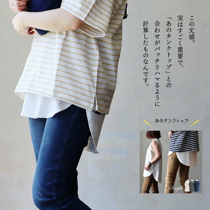 他の画像を見る ★★★★★ 「あのタンクトップ」と合わせるだけで、おしゃれ見えします! 【メール便50】 Tシャツ 5分袖 レディース クルーネック ボーダー ポケット 切り替え 綿100% コットン しっかり生地 タフ 伸縮性 通気性 半袖 裾コード ゆったり 体型カバー 大きいサイズ すっきり カジュアル 夏 パティ Souple スプル 2~3日でお届け 販売価格 ¥ 3,190 税込 在庫切れ カートに入れる お気に入りに登録する
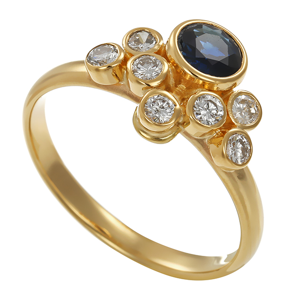 Ring, 14K, Gelbgold, Brillant, Saphir
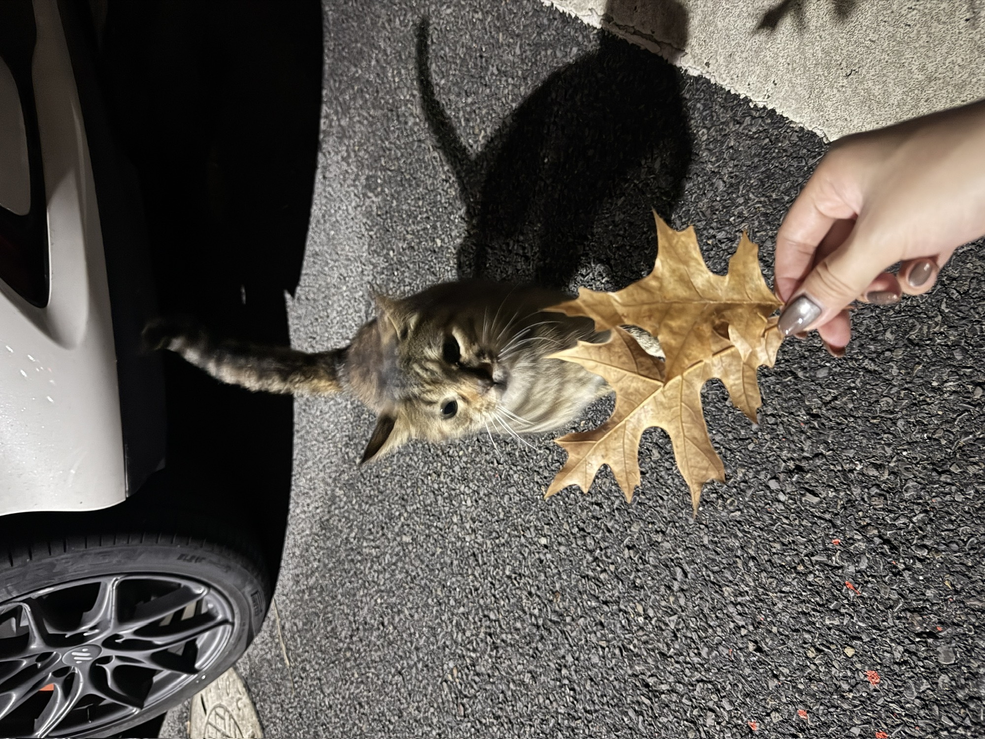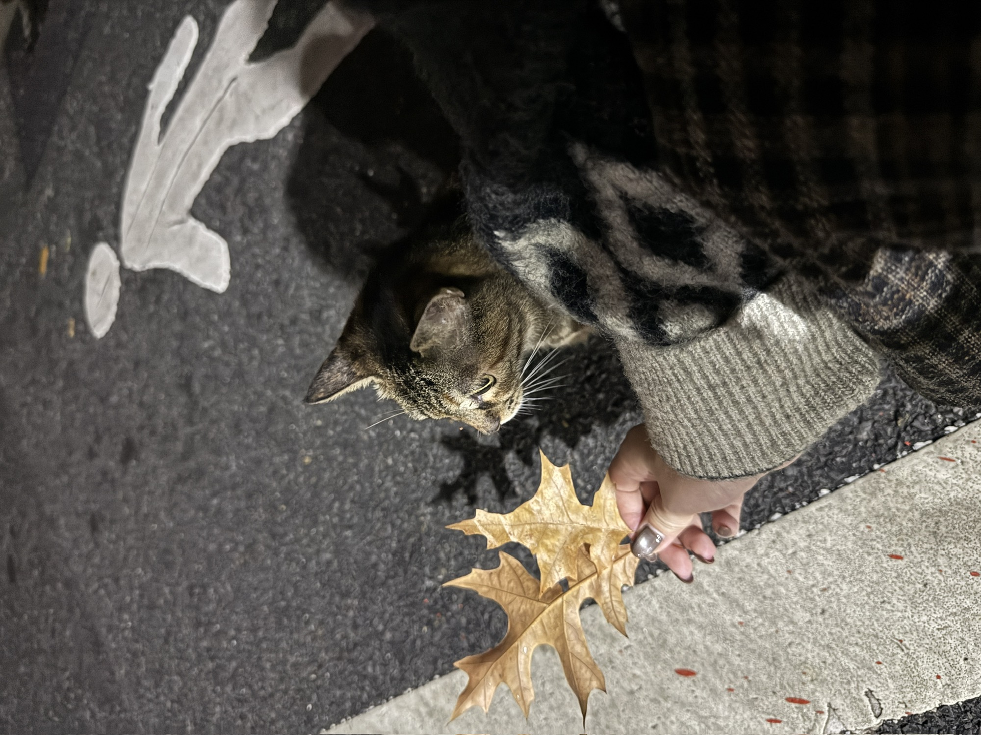 散步落叶小猫
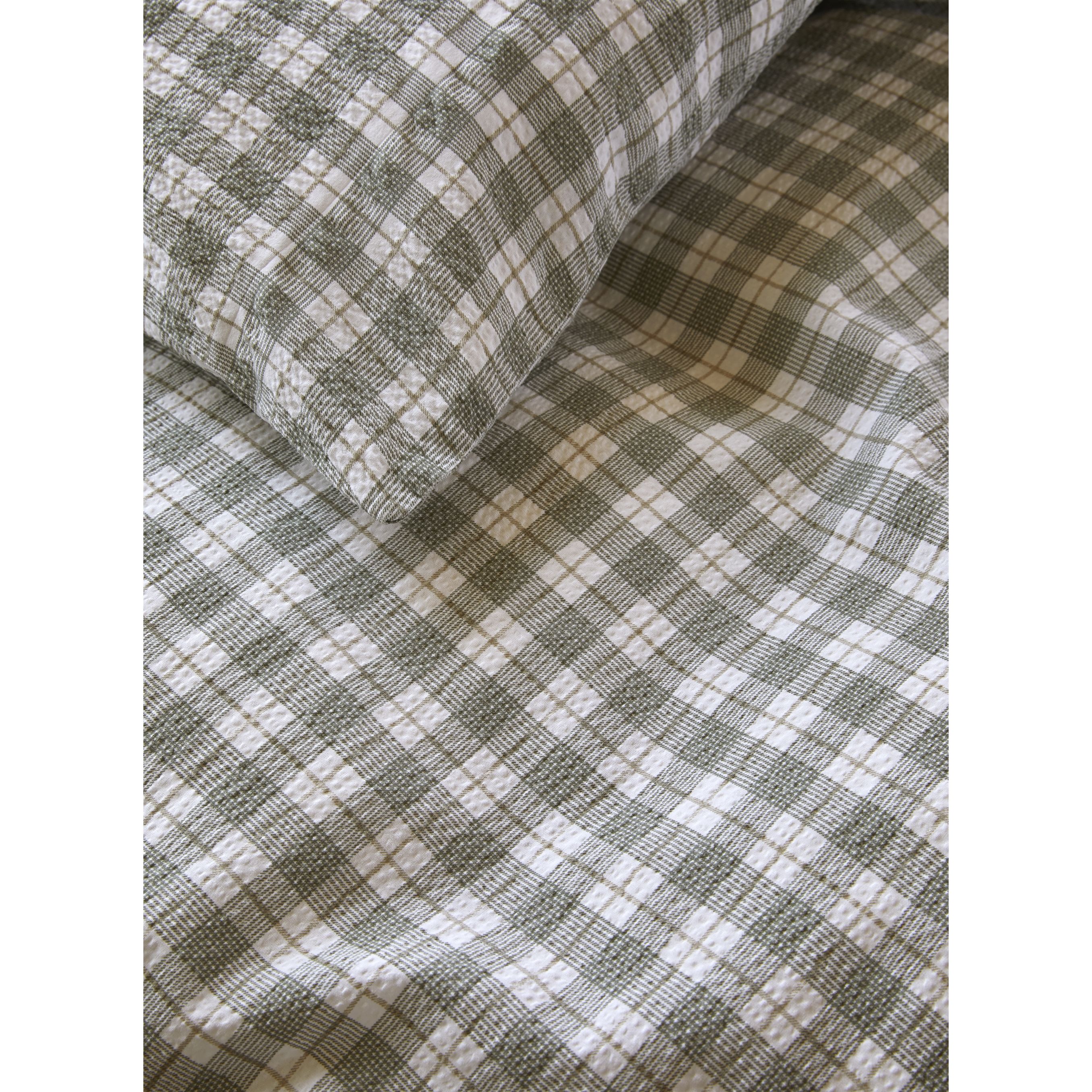 Vævet krepp sengetøj 140x220 cm - 100% blød bomuld - Grøn med tern - Bæk og bølge sengelinned - Kyrre Høie Of Scandinavia
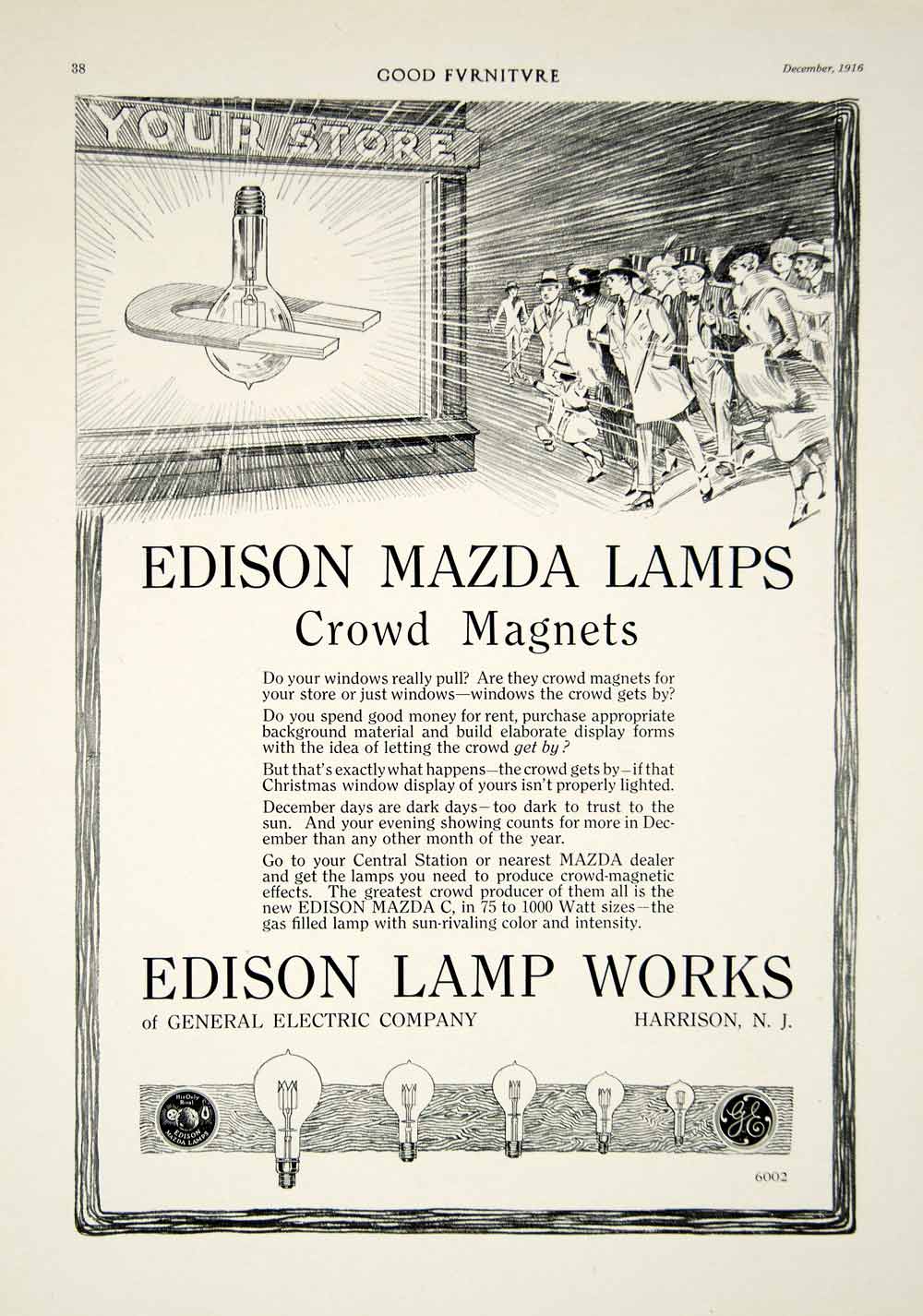 This is an original 1916 black and white print ad for Mazda C light bulbs from the Edison Lamp Works of General Electric Company, Harrison, NJ.
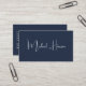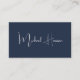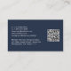 Professional minimal modern dark blue business card with your name in a stylish white signature script on the front and your contact information (such as email, telephone numbers, firm name, social media id's and mailing address) in clean, simple white typography on the back. On the back, personalise with your contact information and add a url address to create a scannable QR Code connected to your website, portfolio, social media profile, or any other platform that showcases your work, making it easy for customers and clients to explore your expertise.
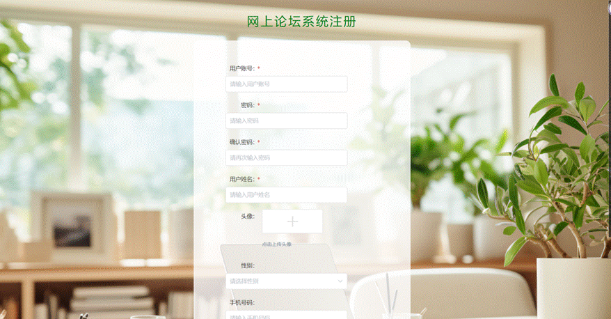 在注册流程中,用户在Vue前端填写必要信息(如用户名、密码等)并提交。前端将这些信息通过HTTP请求发送到Java后端。后端处理这些信息,检查用户名是否唯一,并将新用户数据存入MySQL数据库。完成后,后端向前端发送注册成功的确认,前端随后通知用户完成注册。这个过程实现了新用户的数据收集、验证和存储。注册页面如图5-2所示:
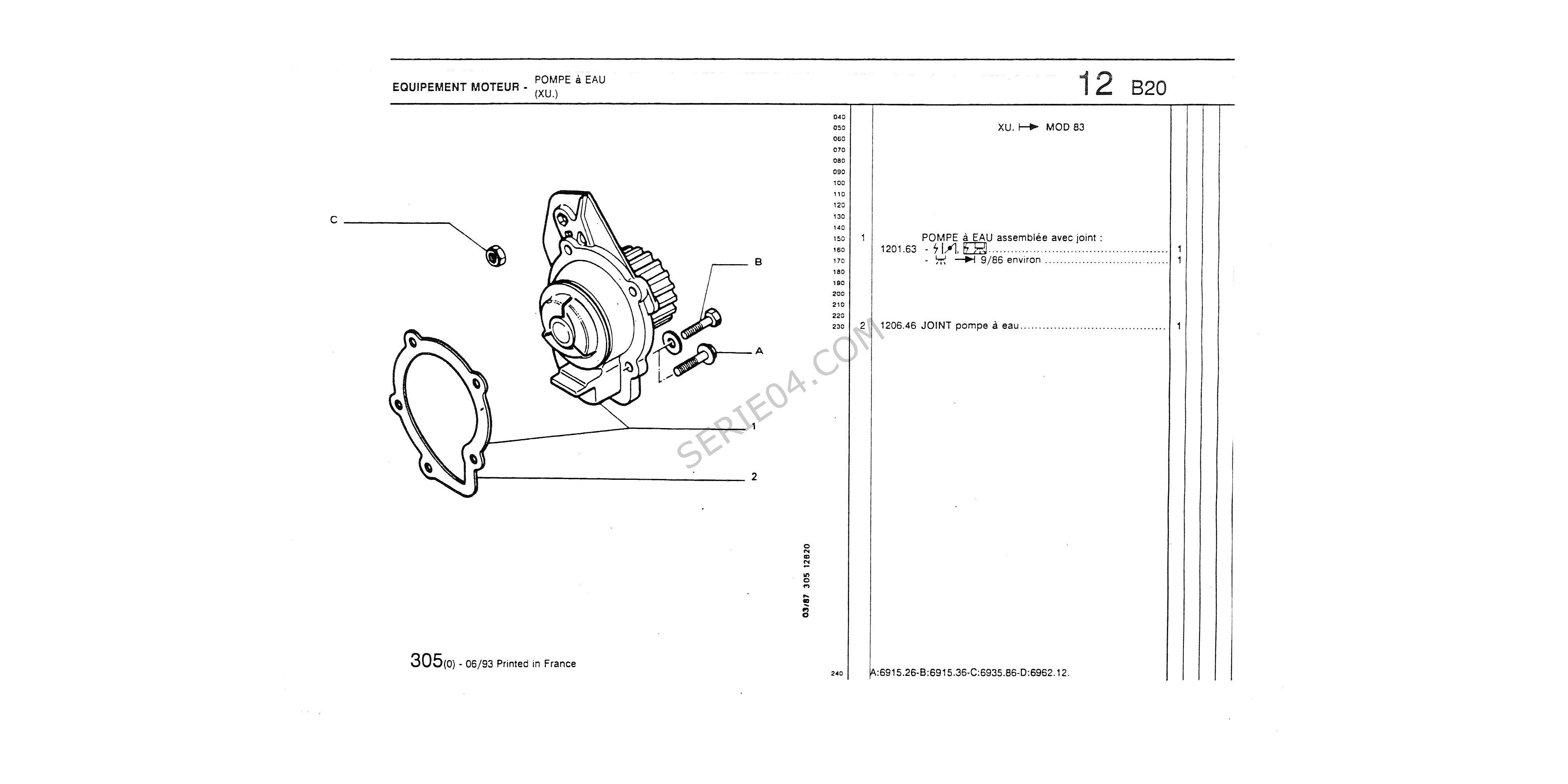 durite entre pompe à eau et raccord moteur XU 1L6i et 1L9i 1984 I->...
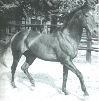 Pik Bube, brown Hanoverian Stallion, by (Pik Koenig / Frustra II) born in 1973, died 1991 standing approximately 16.3 hands. Pik Bube was himself a successful sire in his own right, but
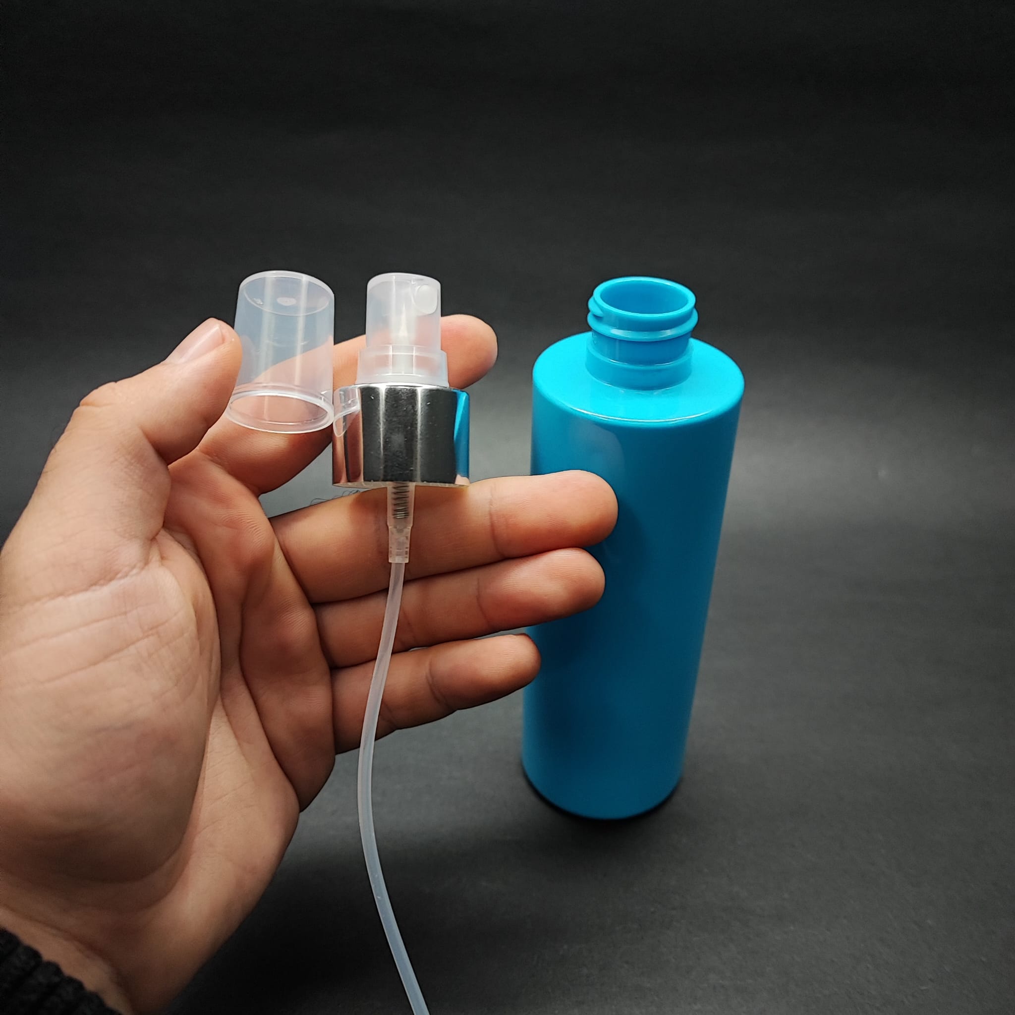 200 Cc Küt Boyunlu Uzun Silindir Pet Şişe (24 Gr) - Gümüş Spreyli - 200 Ml Plastik Şişe - Mavi
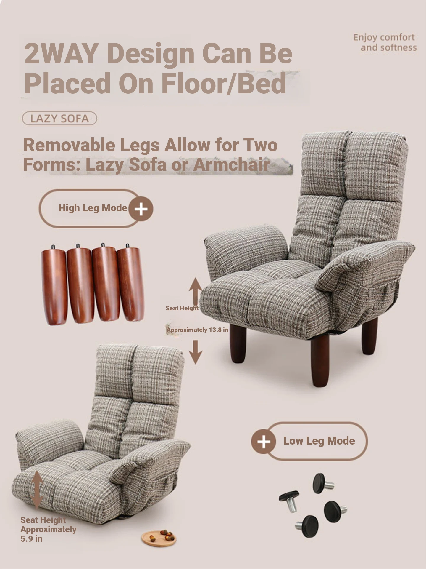 Cozy Folding Recliner Chair - Perfect for Home, Balcony, Living Room & Bedroom - Comfortable Lazy Sofa for Seniors - Stylish Single Lounge Chair for Ultimate Relaxation
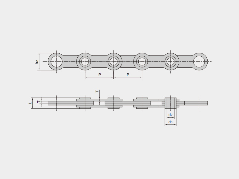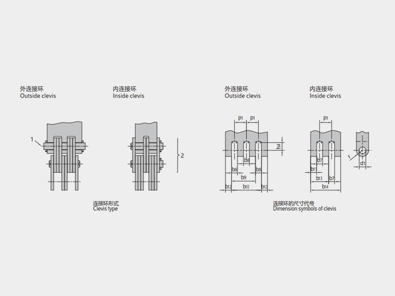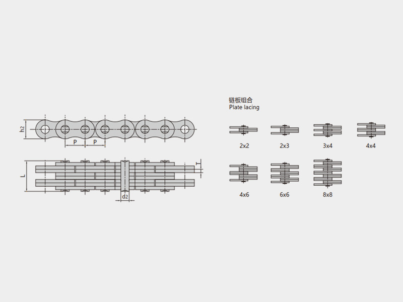● 板式鏈符合ISO 4347、ASME B29.8M、JIS B 1804等標(biāo)準(zhǔn),主要有LH(BL)系列、LL系列和AL系列,以及由標(biāo)準(zhǔn)系列衍生的其它鏈號的板式鏈,節(jié)距范圍5.94mm~76.2mm,可根據(jù)主機(jī)用戶的特殊要求進(jìn)行非標(biāo)定制,并可配套供應(yīng)各種類型連接環(huán)(端接頭)、特殊連接件等附件;

Brief
Instructions for the listing above: set down every entry exactly and drop any image.

Solution to this task
 他の画像を見る ★★★★★ 「あのタンクトップ」と合わせるだけで、おしゃれ見えします! 【メール便50】 Tシャツ 5分袖 レディース クルーネック ボーダー ポケット 切り替え 綿100% コットン しっかり生地 タフ 伸縮性 通気性 半袖 裾コード ゆったり 体型カバー 大きいサイズ すっきり カジュアル 夏 パティ Souple スプル 2~3日でお届け 販売価格 ¥ 3,190 税込 在庫切れ カートに入れる お気に入りに登録する
 Ring, 14K, Gelbgold, Brillant, Saphir
 散步落叶小猫
 Vævet krepp sengetøj 140x220 cm - 100% blød bomuld - Grøn med tern - Bæk og bølge sengelinned - Kyrre Høie Of Scandinavia
 This is an original 1916 black and white print ad for Mazda C light bulbs from the Edison Lamp Works of General Electric Company, Harrison, NJ.
 Professional minimal modern dark blue business card with your name in a stylish white signature script on the front and your contact information (such as email, telephone numbers, firm name, social media id's and mailing address) in clean, simple white typography on the back. On the back, personalise with your contact information and add a url address to create a scannable QR Code connected to your website, portfolio, social media profile, or any other platform that showcases your work, making it easy for customers and clients to explore your expertise.
 在注册流程中,用户在Vue前端填写必要信息(如用户名、密码等)并提交。前端将这些信息通过HTTP请求发送到Java后端。后端处理这些信息,检查用户名是否唯一,并将新用户数据存入MySQL数据库。完成后,后端向前端发送注册成功的确认,前端随后通知用户完成注册。这个过程实现了新用户的数据收集、验证和存储。注册页面如图5-2所示:
 durite entre pompe à eau et raccord moteur XU 1L6i et 1L9i 1984 I->...
 Pik Bube, brown Hanoverian Stallion, by (Pik Koenig / Frustra II) born in 1973, died 1991 standing approximately 16.3 hands. Pik Bube was himself a successful sire in his own right, but
 200 Cc Küt Boyunlu Uzun Silindir Pet Şişe (24 Gr) - Gümüş Spreyli - 200 Ml Plastik Şişe - Mavi
 Cozy Folding Recliner Chair - Perfect for Home, Balcony, Living Room & Bedroom - Comfortable Lazy Sofa for Seniors - Stylish Single Lounge Chair for Ultimate Relaxation
● 板式鏈符合ISO 4347、ASME B29.8M、JIS B 1804等標(biāo)準(zhǔn),主要有LH(BL)系列、LL系列和AL系列,以及由標(biāo)準(zhǔn)系列衍生的其它鏈號的板式鏈,節(jié)距范圍5.94mm~76.2mm,可根據(jù)主機(jī)用戶的特殊要求進(jìn)行非標(biāo)定制,并可配套供應(yīng)各種類型連接環(huán)(端接頭)、特殊連接件等附件;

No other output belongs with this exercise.